** WHAT TO WORK ON **
Omit pictures and quote the listing below line by line, from its start through the line that holds "The candle holder".

** EXTRACTED INFORMATION **

==============================

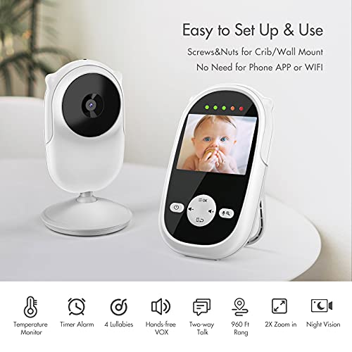 Babyphone mit Kamera, 2,4″ Babyphone Baby Monitor mit 2X digitalem Zoom, VOX-Modus, Schlaflied, Wecker,Nachtsicht, Zwei-Wege-Gespräch
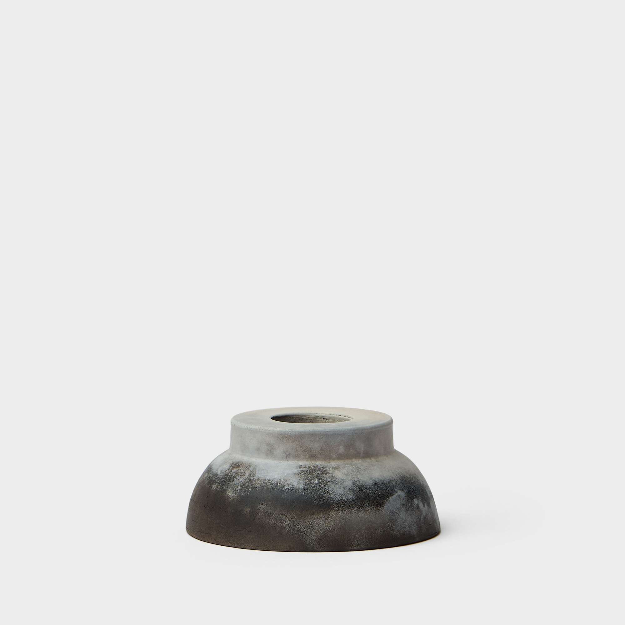 The candle holder is unglazed with a silky matte surface where fire and smoke have left unique marks, making every piece one of a kind.
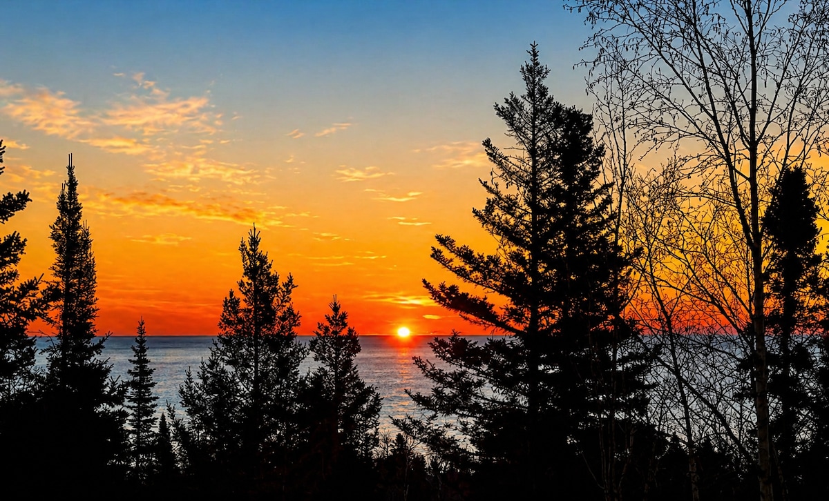 Uživajte u atmosferi van mreže dok ste u samom srcu severne obale. Smještena na 5 minuta od svjetionika Split Rock, Wild Pines Cabin je potpuno renovirani okvir iz 1974. godine koji se nalazi na vrhu 40 privatnih hektara sa pogledom na jezero Superior. Tokom boravka, pješačite kroz objekat, posmatrajte divlje životinje, pijuckajte kafu pored vatre dok uživate u izlasku sunca iznad jezera ili izađite na obližnje Ooseberi, Black Beach ili Tettegouche. Predivno privatno utočište u severnu šumu u bilo koje doba godine!
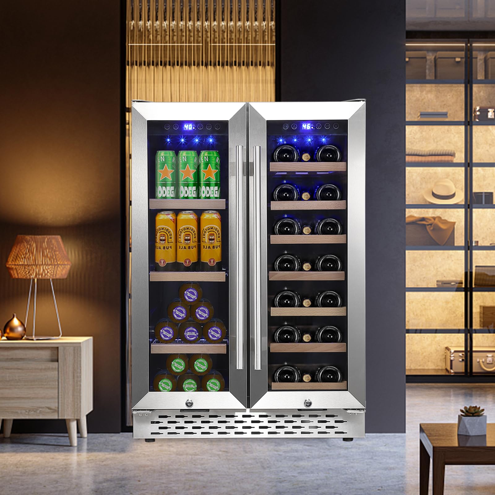 Separate temperature controls for wine and beverages ensure optimal storage conditions for different drink types.
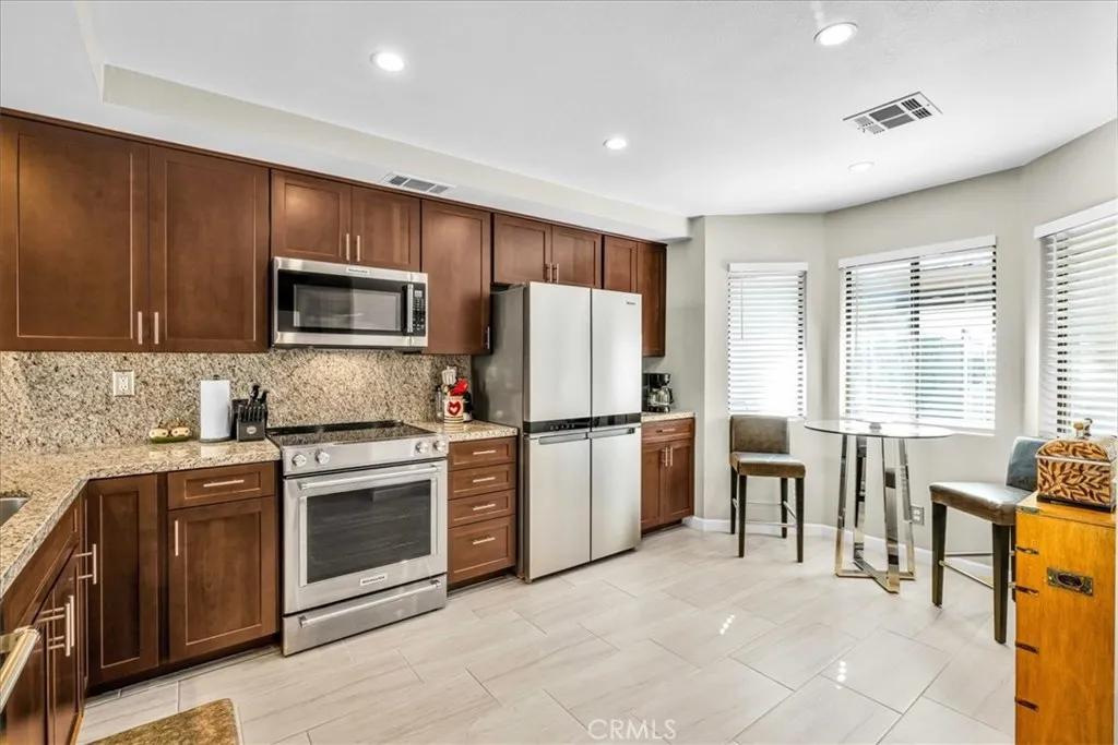 This home offers an expansive patio, where you can unwind or entertain while taking in sweeping views of the manicured golf course, sparkling water feature, and distant mountain peaks. The open kitchen with breakfast bar impresses with custom Shaker cabinetry, stainless steel appliances, and granite countertops. A striking stone accent wall in the living area adds warmth, texture, and architectural interest.Both bathrooms have been tastefully updated with stylish vanities and beautifully designed showers.
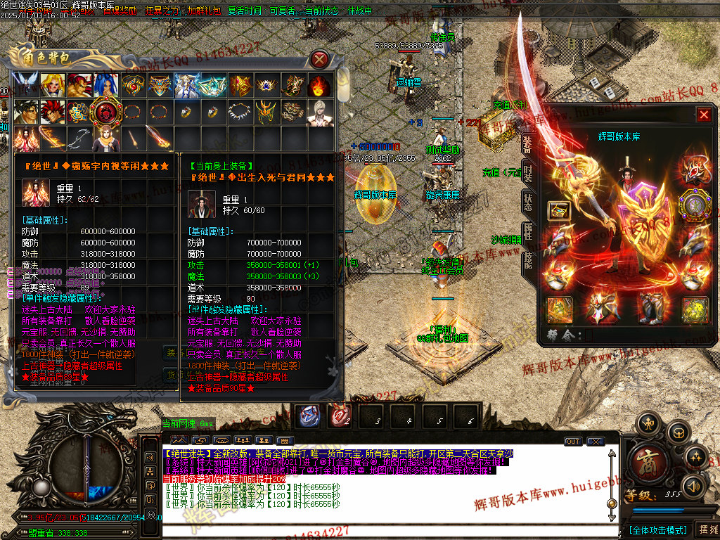 以上只是部分装备介绍.共计1500件特殊神器装备.全部靠打.任何BOSS都有几率爆出.一切看脸.>
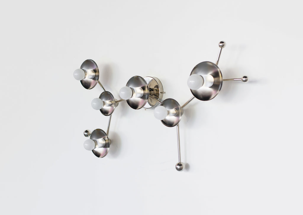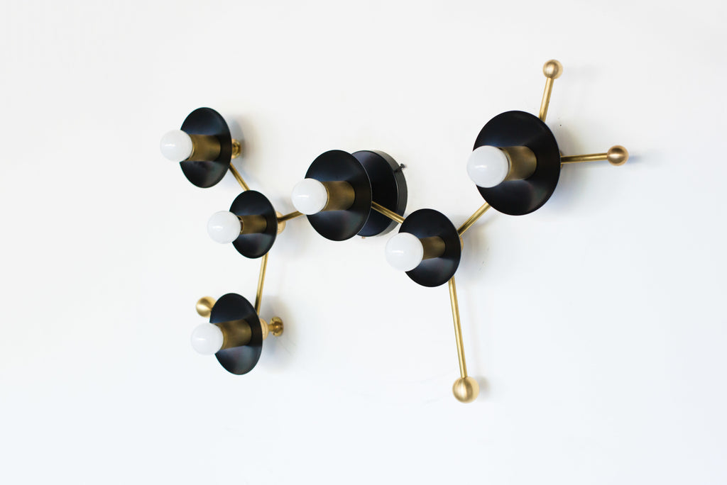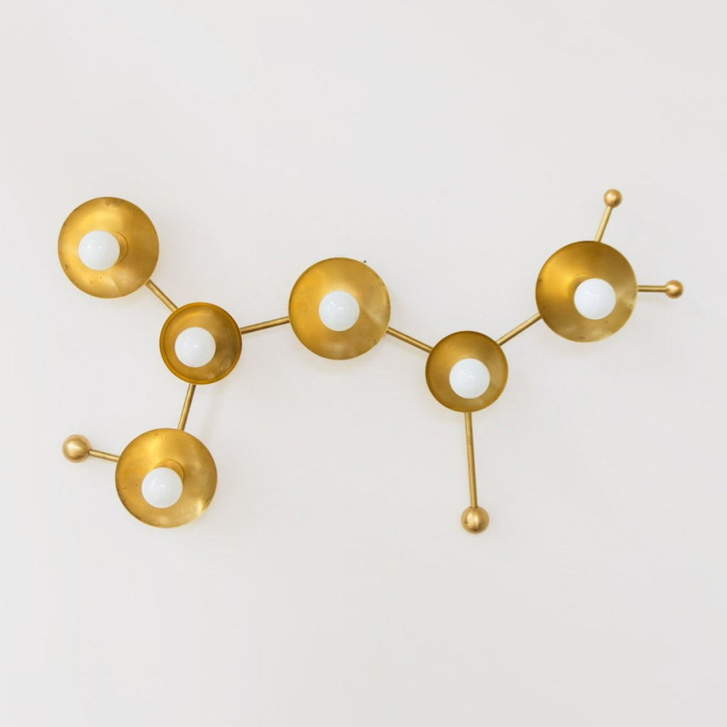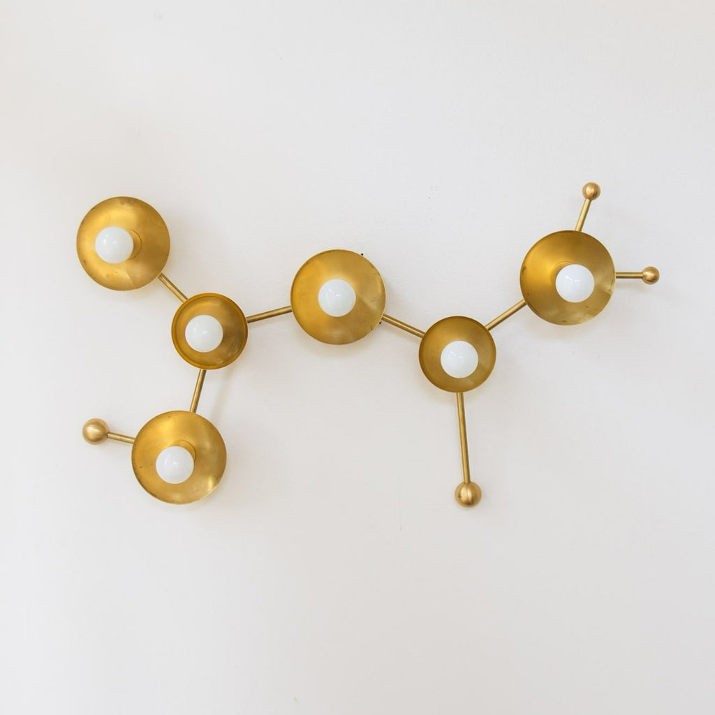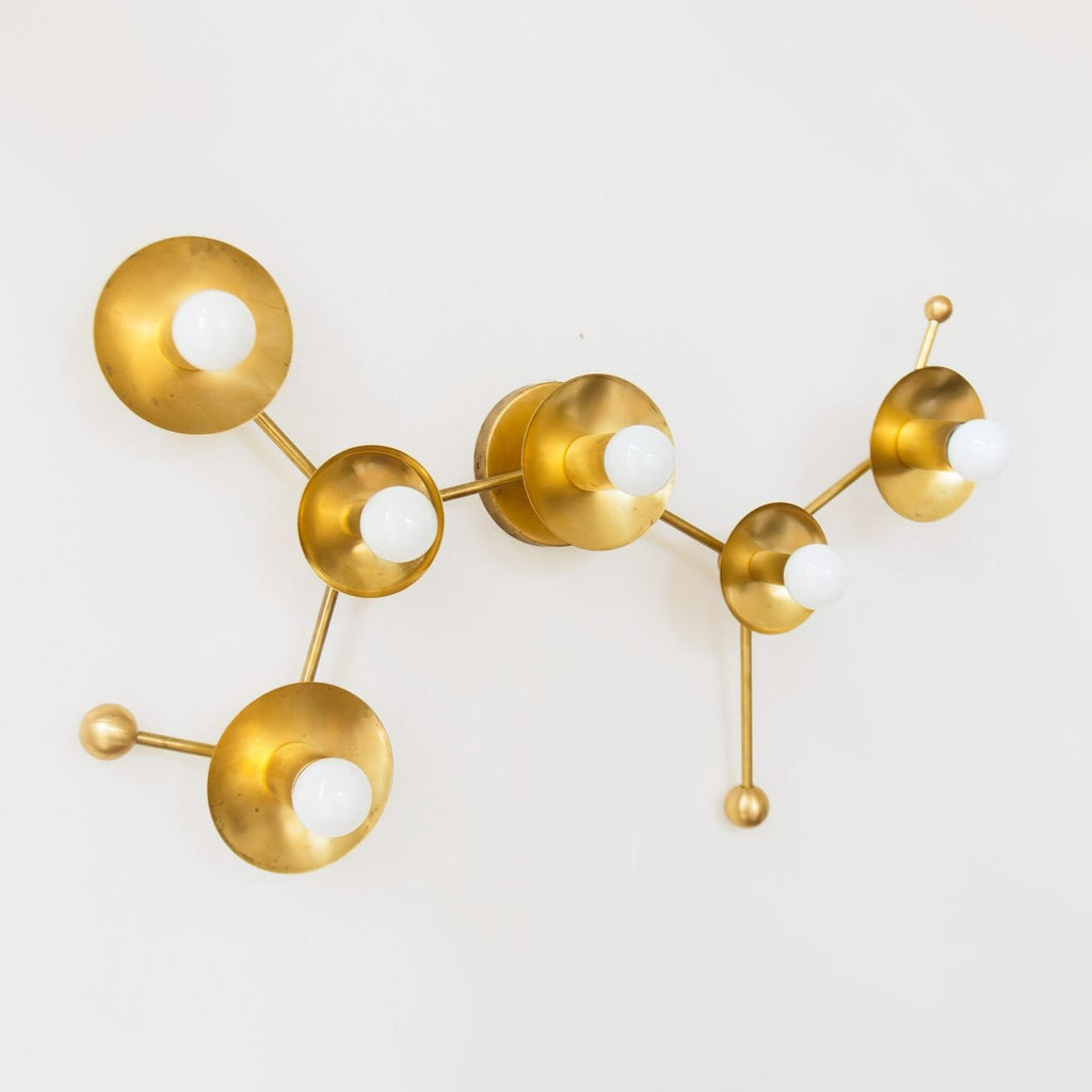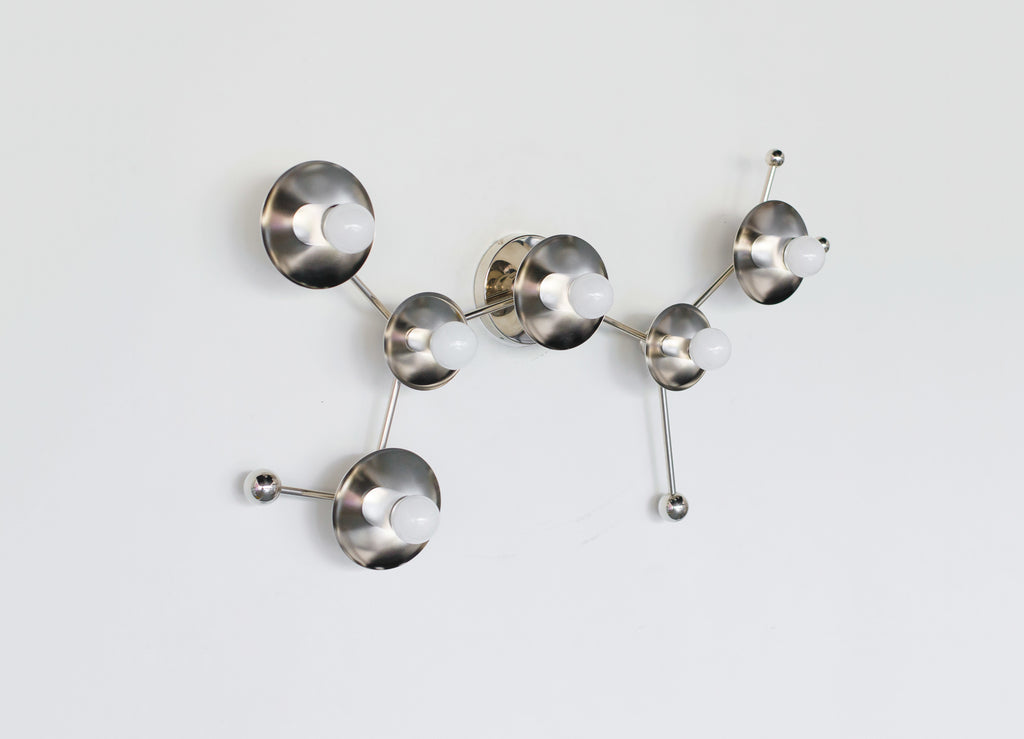 The Sagittarius flushmount or sconce is designed to look like the Sagittarius astrological constellation. It uses a combination of socket and disc sizes to look like small and large stars. The fixture is made of raw brass, chrome, or powdercoated steel components.

==============================

** SOLUTION TO THE EXERCISE **
 Babyphone mit Kamera, 2,4″ Babyphone Baby Monitor mit 2X digitalem Zoom, VOX-Modus, Schlaflied, Wecker,Nachtsicht, Zwei-Wege-Gespräch
 The candle holder is unglazed with a silky matte surface where fire and smoke have left unique marks, making every piece one of a kind.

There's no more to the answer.